REQUIRED WORK:
Every line in the data below from the one containing "En mand tager" down to the one containing "6月12日,在西藏拉薩市的自治區群藝館,演員表演扎念彈唱《普伊桑林貢巴》。新華社記者 孫瑞博 攝", both included, must be retyped exactly; no other line is to appear.

-- DATA SHOWN follows --

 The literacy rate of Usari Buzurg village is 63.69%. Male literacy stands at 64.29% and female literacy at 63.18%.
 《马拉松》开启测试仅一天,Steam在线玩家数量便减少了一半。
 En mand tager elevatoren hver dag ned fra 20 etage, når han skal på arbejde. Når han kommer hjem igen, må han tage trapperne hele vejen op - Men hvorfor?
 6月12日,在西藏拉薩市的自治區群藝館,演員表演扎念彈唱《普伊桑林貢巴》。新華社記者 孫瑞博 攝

-- DATA SHOWN concluded --
-- DATA SHOWN follows --

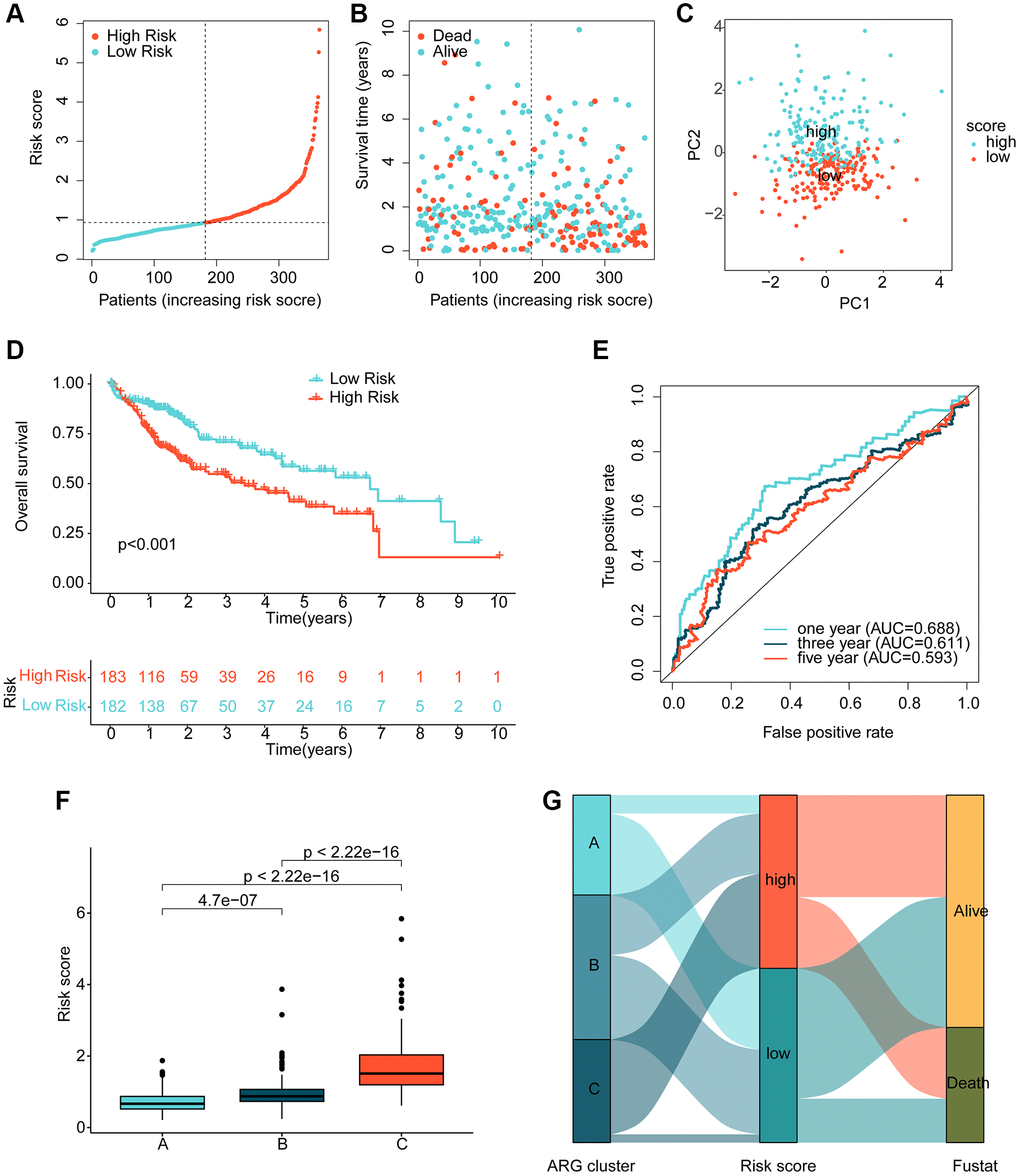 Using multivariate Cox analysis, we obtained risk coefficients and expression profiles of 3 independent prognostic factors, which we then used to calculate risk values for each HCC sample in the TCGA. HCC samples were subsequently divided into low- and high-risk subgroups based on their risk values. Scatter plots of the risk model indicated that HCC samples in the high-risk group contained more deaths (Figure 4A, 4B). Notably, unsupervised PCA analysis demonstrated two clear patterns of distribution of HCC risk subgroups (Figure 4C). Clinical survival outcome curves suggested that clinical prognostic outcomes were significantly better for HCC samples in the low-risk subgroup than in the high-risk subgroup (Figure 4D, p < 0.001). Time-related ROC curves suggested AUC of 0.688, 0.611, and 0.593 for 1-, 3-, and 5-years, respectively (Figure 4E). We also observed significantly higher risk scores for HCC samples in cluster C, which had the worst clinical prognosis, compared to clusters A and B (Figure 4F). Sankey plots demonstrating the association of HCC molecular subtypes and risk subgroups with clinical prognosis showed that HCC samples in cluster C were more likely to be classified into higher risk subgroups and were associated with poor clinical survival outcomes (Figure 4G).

-- DATA SHOWN concluded --

TASK OUTPUT:
 En mand tager elevatoren hver dag ned fra 20 etage, når han skal på arbejde. Når han kommer hjem igen, må han tage trapperne hele vejen op - Men hvorfor?
 6月12日,在西藏拉薩市的自治區群藝館,演員表演扎念彈唱《普伊桑林貢巴》。新華社記者 孫瑞博 攝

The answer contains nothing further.